В отличие от невзрачного двухэтажного здания снаружи, внутри ресторан «Амелия» выглядел солидно и благолепно: деревянные столики с витыми ножками, мягкие стулья, стены обиты штофом, на окнах толстые портьеры, с потолка свисала громадная хрустальная люстра. На стенах висели копии картин с полуголыми натурщицами, написанные старыми мастерами. Комов не так себе представлял подобные заведения, в которых он никогда не был. А то, что официантки призывно постреливают глазками, – так все девицы постреливают, увидев подходящего мужчину.
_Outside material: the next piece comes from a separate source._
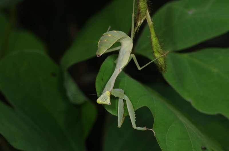 - センター脇に設置してある緑のカーテン。ウマノスズクサやヘクソカズラの花、ヤブガラシの実、いまにも咲きそうなセンニンソウのつぼみなど、つる植物のいろいろな姿を観察できます。今日はさらに、産卵に来ているジャコウアゲハの成虫、ウマノスズクサを食べる幼虫、顔の模様が特徴的なツチイナゴの幼虫、虫たちを狙うオオカマキリなど、多種多様な生きものたちが見られました。

Столики предназначались исключительно на двоих – проводить здесь какие-либо торжества не предполагалось. Зал был заполнен наполовину, в основном были мужчины, но встречались и женщины. В углу на небольшом возвышении играл оркестрик: пианино, саксофон и контрабас. Недалеко от него, на свободном пятачке, томная пара танцевала танго. Официантки, смазливые девицы, были одеты в легкие короткие платья с непомерным декольте и в озорные фартучки с кружевами. На голове они носили чепчики в форме снежинки. Периодически одна из официанток куда-то удалялась с клиентом, но вместо нее в зале тут же появлялась другая. Кабак перед походом в заведение переоделся в узкие брючки неопределенного цвета и мохнатый свитер. Выглядел он не очень интеллигентно, но швейцар их пропустил, не задавая вопросов, – видимо, старлея тут хорошо знали.
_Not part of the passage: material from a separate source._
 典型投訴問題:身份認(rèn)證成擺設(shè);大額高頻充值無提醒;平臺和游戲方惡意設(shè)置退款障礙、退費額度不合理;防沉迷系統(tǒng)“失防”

Офицеры заняли один из столиков. К ним, поигрывая бедрами, подплыла одна из девиц. Улыбка ее была безгранична.
– Вы имеете что-то заказать? Мы исполним любые ваши желания.
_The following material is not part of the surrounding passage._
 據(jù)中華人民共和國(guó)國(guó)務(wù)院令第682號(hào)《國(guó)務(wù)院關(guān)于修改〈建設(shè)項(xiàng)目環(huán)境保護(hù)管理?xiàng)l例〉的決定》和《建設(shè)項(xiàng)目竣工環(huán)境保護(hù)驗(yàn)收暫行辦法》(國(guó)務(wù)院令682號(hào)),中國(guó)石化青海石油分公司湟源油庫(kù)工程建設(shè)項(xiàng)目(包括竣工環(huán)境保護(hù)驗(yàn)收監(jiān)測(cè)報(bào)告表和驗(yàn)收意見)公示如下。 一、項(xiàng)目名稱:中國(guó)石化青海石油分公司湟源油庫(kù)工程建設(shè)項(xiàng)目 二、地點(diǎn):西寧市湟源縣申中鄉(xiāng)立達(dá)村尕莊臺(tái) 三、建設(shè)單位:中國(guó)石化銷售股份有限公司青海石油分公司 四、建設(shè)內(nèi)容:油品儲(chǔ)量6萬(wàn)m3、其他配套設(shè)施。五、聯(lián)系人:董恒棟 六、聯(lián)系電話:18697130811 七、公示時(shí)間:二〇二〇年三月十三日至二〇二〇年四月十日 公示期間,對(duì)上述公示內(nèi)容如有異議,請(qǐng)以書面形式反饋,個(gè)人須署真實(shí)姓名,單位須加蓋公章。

Есть особо не хотелось, поэтому они заказали бутылку сухого вина, сливы и виноград. Официантка, не переставая улыбаться, отправилась выполнять заказ.
– А где у них тут нумера? – спросил Комов.
– Вон там. – Кабак указал на дверь в углу ресторана. – А дальше на второй этаж. Официантки работают проститутками по совместительству. Хочешь девочку на десерт?
– Хочу, – честно признался Комов, – но не сейчас. Может быть, попозже. А в вашей конторе об этом заведении знают?
– Конечно, знают, – сказал Кабак. – Но они находятся под высоким покровительством. Неважно, под чьим, – это к делу не относится.
– А зачем ты вообще меня сюда привел? – буркнул Комов.
– Для получения знаний.
Кабак усмехнулся. Официантка принесла заказ на подносе, откупорила бутылку. Комов разлил вино по бокалам.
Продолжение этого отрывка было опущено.